PROVIDED DATA:
────────────────
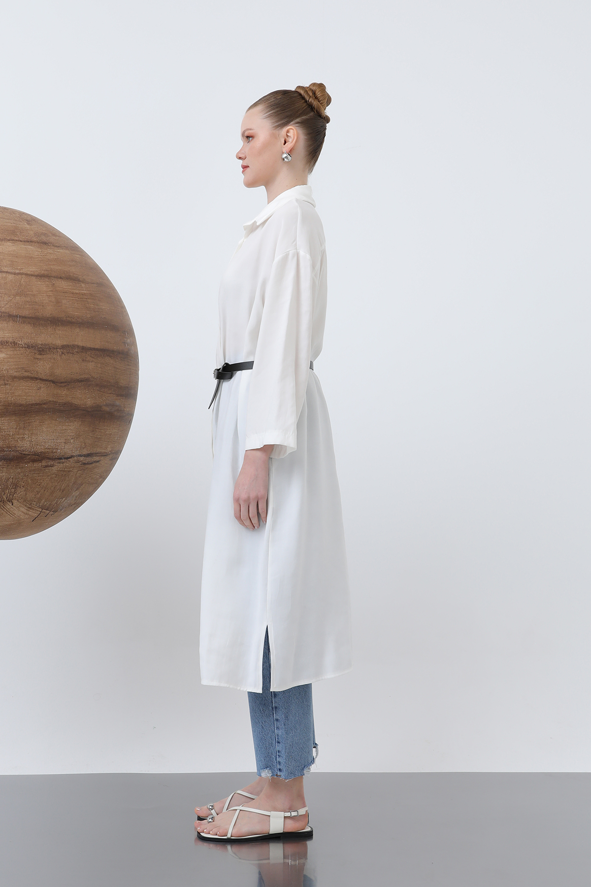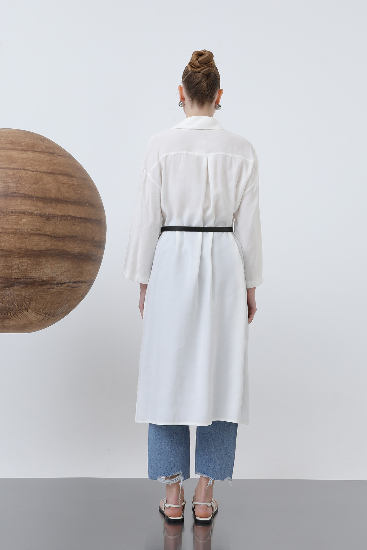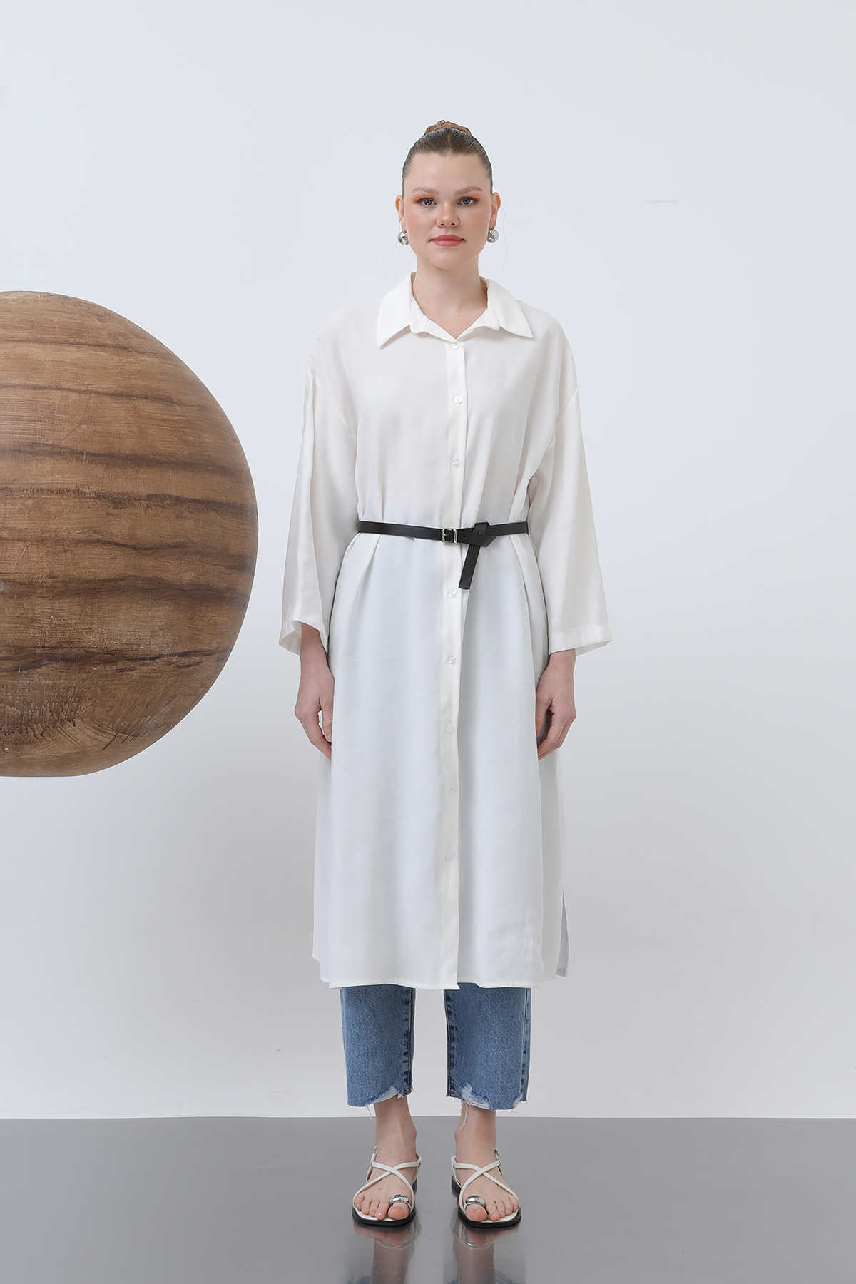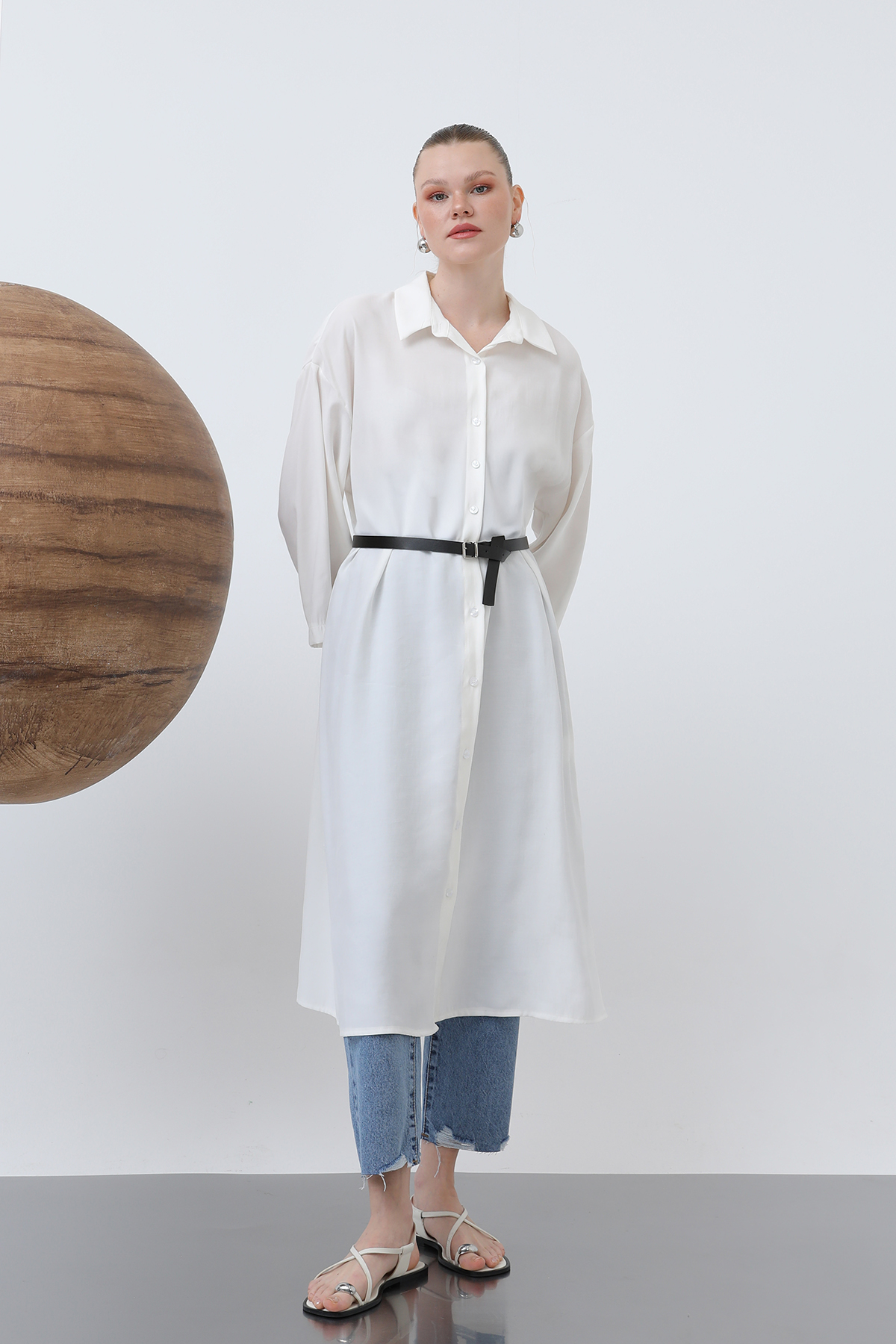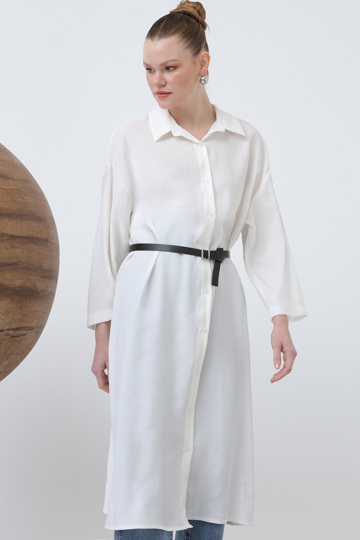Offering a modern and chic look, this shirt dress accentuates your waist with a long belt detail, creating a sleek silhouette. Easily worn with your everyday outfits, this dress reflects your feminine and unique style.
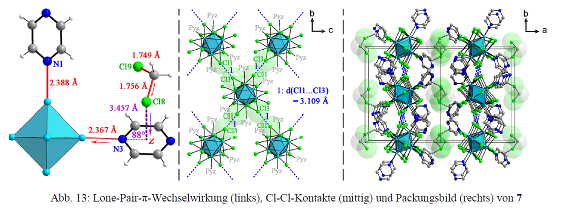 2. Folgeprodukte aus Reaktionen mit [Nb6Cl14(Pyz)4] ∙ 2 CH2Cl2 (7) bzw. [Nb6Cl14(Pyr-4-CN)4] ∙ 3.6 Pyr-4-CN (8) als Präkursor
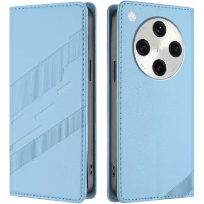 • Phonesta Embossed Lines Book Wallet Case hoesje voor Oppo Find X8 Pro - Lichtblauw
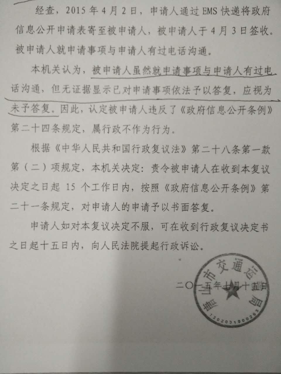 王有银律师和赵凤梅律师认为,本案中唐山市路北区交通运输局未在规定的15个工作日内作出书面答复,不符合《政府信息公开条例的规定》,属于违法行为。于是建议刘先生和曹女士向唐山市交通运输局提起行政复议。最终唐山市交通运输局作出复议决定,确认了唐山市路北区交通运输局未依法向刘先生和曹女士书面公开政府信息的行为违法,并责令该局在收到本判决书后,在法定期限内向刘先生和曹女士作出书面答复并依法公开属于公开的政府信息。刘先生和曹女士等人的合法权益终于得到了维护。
────────────────
WHAT TO WORK ON:
An exact repeat of all the data is required, pictures excluded.

ANSWER TO THIS TASK:
Offering a modern and chic look, this shirt dress accentuates your waist with a long belt detail, creating a sleek silhouette. Easily worn with your everyday outfits, this dress reflects your feminine and unique style.
 2. Folgeprodukte aus Reaktionen mit [Nb6Cl14(Pyz)4] ∙ 2 CH2Cl2 (7) bzw. [Nb6Cl14(Pyr-4-CN)4] ∙ 3.6 Pyr-4-CN (8) als Präkursor
 • Phonesta Embossed Lines Book Wallet Case hoesje voor Oppo Find X8 Pro - Lichtblauw
 王有银律师和赵凤梅律师认为,本案中唐山市路北区交通运输局未在规定的15个工作日内作出书面答复,不符合《政府信息公开条例的规定》,属于违法行为。于是建议刘先生和曹女士向唐山市交通运输局提起行政复议。最终唐山市交通运输局作出复议决定,确认了唐山市路北区交通运输局未依法向刘先生和曹女士书面公开政府信息的行为违法,并责令该局在收到本判决书后,在法定期限内向刘先生和曹女士作出书面答复并依法公开属于公开的政府信息。刘先生和曹女士等人的合法权益终于得到了维护。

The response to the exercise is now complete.